Severus paused and regarded the boy, who had raised his gaze from the floor to the desk. That was progress of a sort, Severus supposed.

“I will be present at all three meals in the Great Hall, Mr. Potter, and I can assure you now that I will be watching you at every one of them. If I find that you are not eating, I will call you into my office and we will discuss the matter further. While I am prepared to be lenient with you for a short period in which you will be adjusting to this … change … let me assure you that you will not be happy if I am forced to discuss your eating habits with you in more detail than this. You are a Hogwarts student now, and a Slytherin, Mr. Potter – and we do not starve ourselves. Do you understand me?”

The boy looked up from the desk to glance at Severus for a second before plunging his head down to stare at the floor. “I … umm … I don’t think so, sir.”
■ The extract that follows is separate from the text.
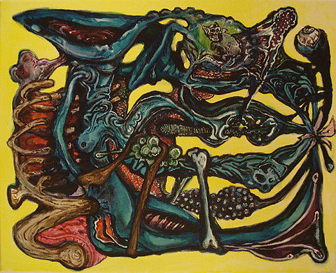 Michel van der Voort (1978) schildert taferelen waarin de mens centraal staat in een geheel eigen, zeer authentieke stijl, die raakt aan graffiti en strip. De schepsels hebben een doorgaans monstrueus en pijnlijk direct voorkomen, zowel in vorm als in expressie.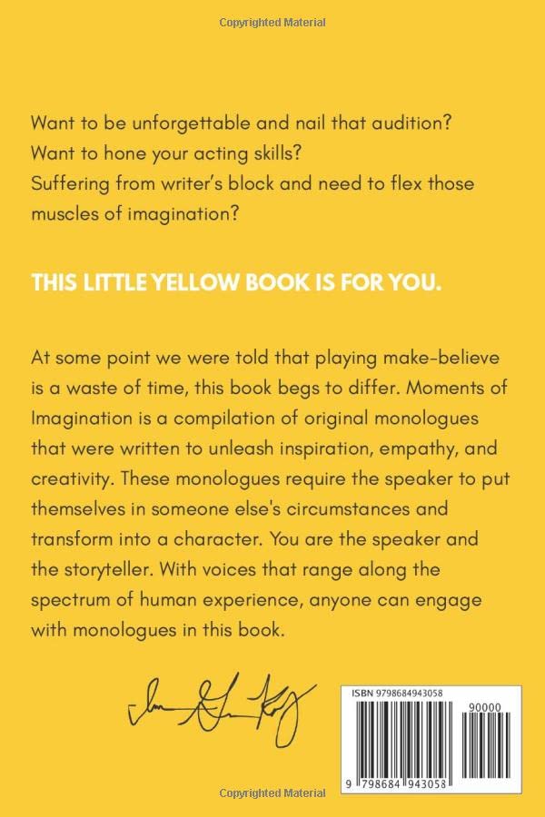 Want to be unforgettable and nail that audition? Want to hone your acting skills? Suffering from writer’s block and need to flex those muscles of imagination? Want to throw a party at which all attendees must perform a monologue? This little yellow book can help you. At some point we were told that playing make-believe is a waste of time, this book begs to differ. Moments of Imagination is a compilation of original monologues that were written to unleash inspiration, empathy, and creativity. These monologues require the speaker to put themselves in someone else’s circumstances and transform into a character. You are the speaker and the storyteller. With voices that range along the spectrum of human experience, anyone can engage with monologues in this book. Imani-Grace King is a screenwriter and actor, she has a passion for exploring various voices in her writing in order to connect with others and practice empathy.

Severus silently reviewed the first ten ingredients for the nutrient potion that he would have to make for the brat in an attempt to calm himself. “How precisely was I unclear?” he snapped.

The boy curled further in upon himself and scooted back in the chair further. “I’m sorry, sir, I’m sorry, I …”

Severus interrupted him again, trying to make his voice soothing. Vengeance on Potter’s parents might be sweet, but it was much more work than Severus had expected. Mollycoddling the boy was the last thing he wanted to do. “I didn’t mean to snap at you,” he said – he would not apologize directly to the brat. “It’s all right if you don’t understand. Just tell me what you didn’t understand and I’ll explain it again.”

The boy looked at him with wide eyes and Severus fought to keep his expression calm and reassuring. “I don’t … don’t, um … understand the part about eating, sir.”

Severus suppressed a sigh. “You are expected to eat food three times a day in the Great Hall, every day, and I will watch you to make sure that you do so. Is that clear enough for you to understand?”

“I …” the boy ducked his head to look at the floor again. “Are you … are you sure that there isn’t some mistake, sir?”

Severus waited, fixing his dark eyes on the nervous boy. Patience and silence and a damnable amount of mollycoddling, that’s what it would take to rescue the boy from the plight to which his lamentable parents had left him.

“I … I just mean … I don’t deserve it, sir … I … I don’t want Uncle Vernon to be angry with me, sir, I … I don’t mean to question you … I just … please …”

Severus interrupted the boy before his incoherence could descend into babbling. “You must understand that the food provided at Hogwarts is for all of the students, including you, Mr. Potter. There is no question about any of them deserving or not deserving food. It is – it is expected that you will eat the food that is provided for you. Your uncle will not be angry with you for eating, I am sure.”

The Potter brat trembled and shook his head. Severus tried another approach. “Your uncle will never know about it,” he said. “Is he the only thing that is stopping you from eating?”

Another darting glance from huge green eyes and the boy clutched at the arms of the chair. “He said – he said that freaks like me don’t deserve to eat.”

With slow, unthreatening movements, Severus leaned across the desk toward Potter. “He was wrong. He was wrong, do you understand me?”

The boy looked up and held Severus’s gaze for a full moment. Then, slowly, he nodded. “Yes, sir,” he said.

Severus leaned back in his chair again. “That’s very good, Mr. Potter. That will be all for now – I think that we will need to have another discussion in a few days, but until then, remember that I will be watching you to ensure that you are eating proper meals.”

The boy nodded and slipped out of Severus’s office, needing to open the door only a sliver in order to slide his thin body out of the room. Severus heard his footsteps echo in the hallway in a frantic beat that indicated that the boy was running.

Severus allowed his body to slip out of its rigid perfect posture and slumped at his desk, his head coming to rest in his hands. This was the brat who was meant to save them all – this shy, flinching waif. He sighed. It would take a lot of work to turn this boy into a savior.